I am tenured

Amy J. Ko
Bits and Behavior
Published in
2 min readOct 11, 2014

I am now a tenured professor.

After working towards this for 15 years, it’s surreal to type that simple sentence. When I first applied to Ph.D. programs in 2001, it felt like a massive, nearly unattainable goal, with thousands of little challenges and an equal number of opinions about how I should approach them. Tenured professors offered conflicting advice about how to survive the slog. I watched untenured professors crawl towards the goal, working constant nights and weekends, only to get their grant proposal declined or paper rejected, or worst of all, tenure case declined. I had conversations with countless burned out students, turned off by the relentless, punishing meritocracy, regretting the time they put into a system that doesn’t reward people, but ideas.

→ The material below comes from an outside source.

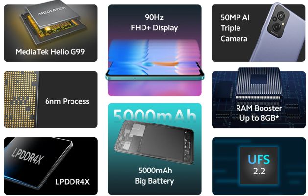 | Key Features | 16.71 cm (6.58 inch) FHD+ Display 4 GB Memory, 64 GB Storage 50 MP +2 MP Primary Camera 8 MP Front Camera 5000 mAh Battery Android 12 Operating System MediaTeK Helio G99 based on 6nm Processor |
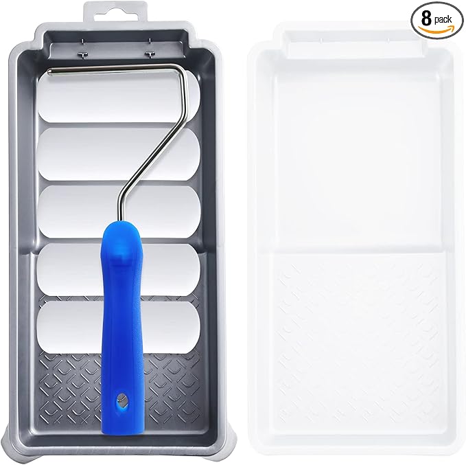 Mister Rui Foam Paint Roller, 8 Pack 4 Inch Paint Roller Kit, Complete 4" Mini Paint Roller Kit with Small Foam Paint Roller Covers, Frame, Tray and Liner for Professional Painting Results

Post-tenure, what was a back-breaking objective has quickly become a hard earned state of mind. Tenure is the freedom to follow my intellectual curiosity without consequence. It is the liberty to find the right answers to questions rather than the quick ones. Its that first step out of the car, after a long drive towards the ocean, beholding the grand expanse of unknown possibilities knowable only with time and ingenuity. It is a type of liberty that exists in no other profession, and now that I have and feel it, it seems an unquestionably necessary part of being an effective scientist and scholar.

I’ve talked frequently with my colleagues about the costs and benefits of tenuring researchers. Before having tenure, it always seemed unnecessary. Give people ten year contracts, providing enough stability to allow for exploration, but reserving the right to boot unproductive scholars. Or perhaps do away with it altogether, requiring researchers continually prove their value, as untenured professors must. A true meritocracy requires continued merit, does it not?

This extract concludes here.